Szm745

We tested the whole genome of 20 HeLa-CCL2 cells. As control, 10 normal human leukocytes from the blood of a healthy volunteer were also sequenced. Add 3 volumes of red blood cell lysis buffer (RBC Lysis Buffer, CWBiotech) to the blood sample and put the sample on ice for 15 minutes. Then centrifuged the sample at 1200 rpm for 5 minutes to removed supernatant and add 1.0 ml DPBS (1X Dulbecco’s Phosphate Buffered Saline, without calcium and magnesium, Corning) to resuspend the leukocytes. Single cells were captured by mouth pipette under the stereomicroscope (Nikon SZM745). The single-cell DNA amplification was followed by the MALBAC technique developed by Xie’s laboratory [14 (link)]. After amplification, six genomic loci were checked in the samples by qPCR before generating library to make sure the DNA was well presented as quality control (QC). We picked the sample with over two detectable loci to generate library. The sequencing depth for a single cell was 0.3X (about 1G per cell).
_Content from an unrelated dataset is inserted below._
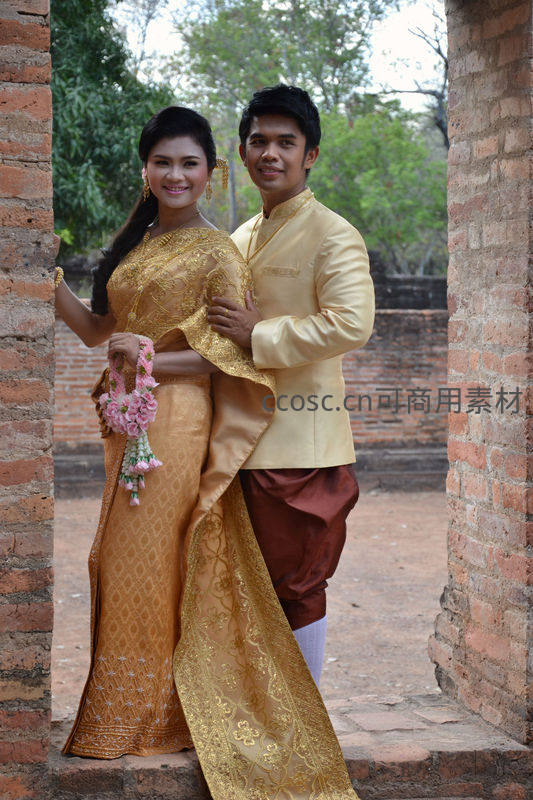 泰式情侣身着传统礼服合影
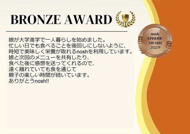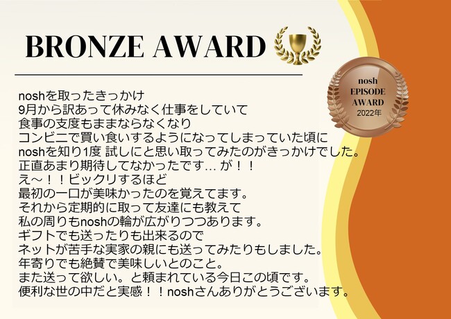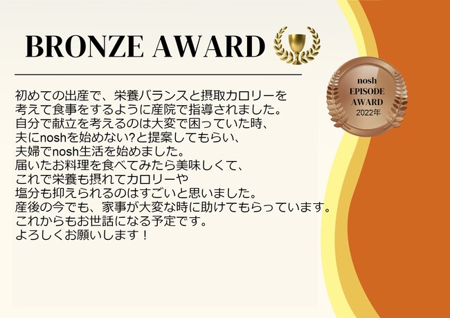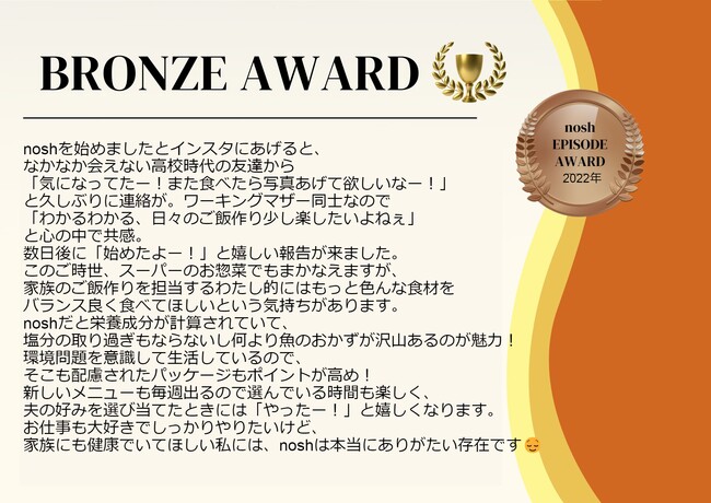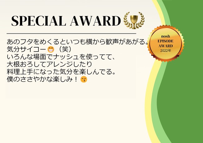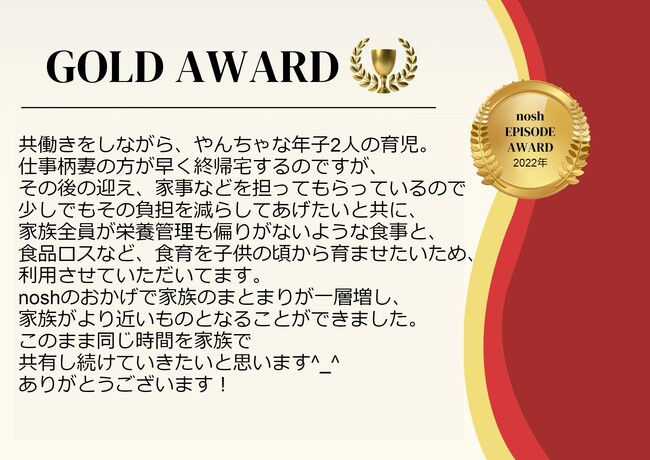 奥様へのお気遣いや、お子様への食育などご家族を大切に想うお気持ちに、noshが寄り添えた素晴らしいエピソードだと思いグランプリに選びました。食品ロス削減については、noshも大切に考えて取り組んでいるところでもあります。今後とも、noshを通して大切な時間をご家族で共有して頂けると幸いです。

We randomly chose 720 HeLa-CCL2 cells (288 from the 9^th passage, 288 from the 14^th passage and 144 from the 20^th passage) in this work on an Illumina HiSeq 4000 platform (sequenced by Novogene, China) for 150 bp paired-end sequencing. The protocol was totally followed Tang’s modification on SMART-Seq2 [21 (link)]. Single cells were captured by mouth pipette under the stereomicroscope (Nikon SZM745) and followed by the protocol [21 (link)]. Every cell was assigned with 250 M raw data on average.